For this exercise, we'll study a dataset of observations on die cast aluminum parts.


In [None]:
from grama.data import df_shewhart


# Dependency in the wild


TODO

In [None]:
(
    df_shewhart
    >> gr.ggplot(gr.aes("density", "hardness"))
    + gr.geom_point()
)

A normal distribution does a *reasonable* job representing both `density` and `hardness`.


In [None]:
## NOTE: No need to edit
(
    df_shewhart
    >> gr.tf_mutate(
        q_density=gr.qqvals(DF.density, "norm"),
        q_hardness=gr.qqvals(DF.hardness, "norm"),
    )
    >> gr.tf_rename(
        v_density="density",
        v_hardness="hardness",
    )
    >> gr.tf_pivot_longer(
        columns=["q_density", "q_hardness", "v_density", "v_hardness"],
        names_to=[".value", "var"],
        names_sep="_",
    )
    
    >> gr.ggplot(gr.aes("q", "v"))
    + gr.geom_abline(intercept=0, slope=1, linetype="dashed")
    + gr.geom_point()
    + gr.facet_wrap("var", scales="free")
    + gr.labs(x="Reference Quantile", y="Observed Quantile")
)

However,


In [None]:
## NOTE: No need to edit
# Build a model 
md_independence = (
    gr.Model("Independent Properties")
    >> gr.cp_marginals(
        density=gr.marg_fit("norm", df_shewhart.density),
        hardness=gr.marg_fit("norm", df_shewhart.hardness),
    )
    >> gr.cp_copula_independence()
)

# Draw simulated observations
(
    md_independence
    >> gr.ev_sample(n=1e3, df_det="nom", skip=True)
    >> gr.tf_mutate(source="Simulated")
    >> gr.tf_bind_rows(
        df_shewhart
        >> gr.tf_mutate(source="Experimental")
    )
    
    >> gr.ggplot(gr.aes("density", "hardness"))
    + gr.geom_point(gr.aes(color="source"))
    + gr.theme_minimal()
)

This model does not respect the correlation we observe in the data.

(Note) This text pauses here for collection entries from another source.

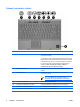 TouchPad Componente Descrizione (1) TouchPad* Consente di spostare il puntatore e di selezionare e attivare gli elementi sullo schermo. Può essere impostato per eseguire altre funzioni del mouse, come scorrere, selezionare e fare doppio clic. (2) Pulsante sinistro del TouchPad* Ha la stessa funzione del pulsante sinistro di un mouse esterno. (3) Area di scorrimento TouchPad Scorre in alto e in basso.
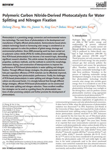 近期,我校化学与生物工程学院教师张德亮以第一作者身份在国际顶级期刊《Small》上发表题为 《Polymeric Carbon Nitride-Derived Photocatalysts for Water Splitting and Nitrogen Fixation》 的学术论文。这是我校首次以第一单位在《Small》期刊上发表论文,实现了学校在SCI影响因子10以上学术期刊发表论文零的突破。
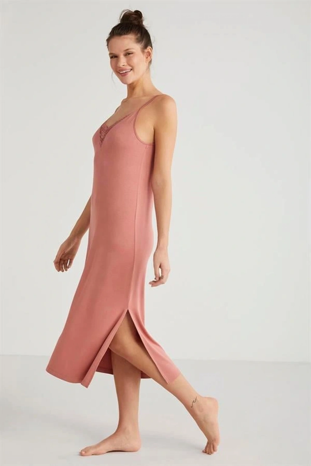 Özel Bölgesi Açık Dantelli Saks Babydoll Gecelik 15030
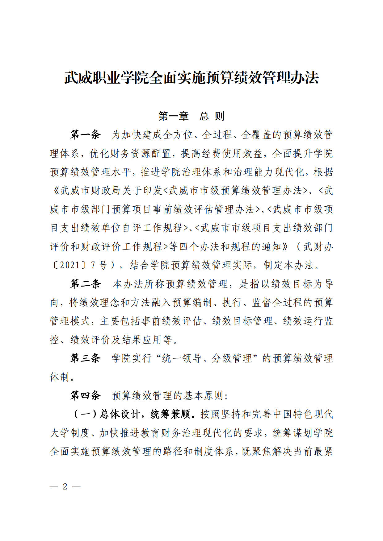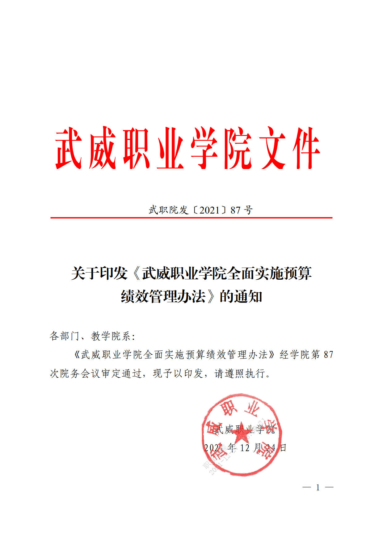 關于印發(fā)《武威職業(yè)學院全面實施預算績效管理辦法》的通知

# Marginal-Copula Approach


In [None]:
## NOTE: No need to edit
# Build a model 
md_copula = (
    gr.Model("Independent Properties")
    >> gr.cp_marginals(
        density=gr.marg_fit("norm", df_shewhart.density),
        hardness=gr.marg_fit("norm", df_shewhart.hardness),
    )
    ## KEY DIFFERENCE: Fit a gaussian copula
    >> gr.cp_copula_gaussian(df_data=df_shewhart)
)

# Draw simulated observations
(
    md_copula
    >> gr.ev_sample(n=1e3, df_det="nom", skip=True)
    >> gr.tf_mutate(source="Simulated")
    >> gr.tf_bind_rows(
        df_shewhart
        >> gr.tf_mutate(source="Experimental")
    )
    
    >> gr.ggplot(gr.aes("density", "hardness"))
    + gr.geom_point(gr.aes(color="source"))
    + gr.theme_minimal()
)

## Steps

1. Fit a marginal for each uncertain quantity
    - Follow the process from `e-grama06-fit-univar`; this should include checking for statistical control!
2. Fit a copula to relate the uncertain quantities
3. Assess the model


# Case Study: Circuit Performance


In [None]:
from grama.models import make_prlc_rand
md_circuit = make_prlc_rand()
md_circuit

In [None]:
df_circuit = (
    md_circuit
    >> gr.ev_sample(n=1e4, df_det="nom", seed=101)
)

(
    df_circuit
    >> gr.ggplot(gr.aes("Q", "omega0"))
    + gr.geom_bin2d()
)

## Marginals


### __qX__ Check for statistical control

Check for statistical control of the output `omega0`. Use a control chart to make this determination.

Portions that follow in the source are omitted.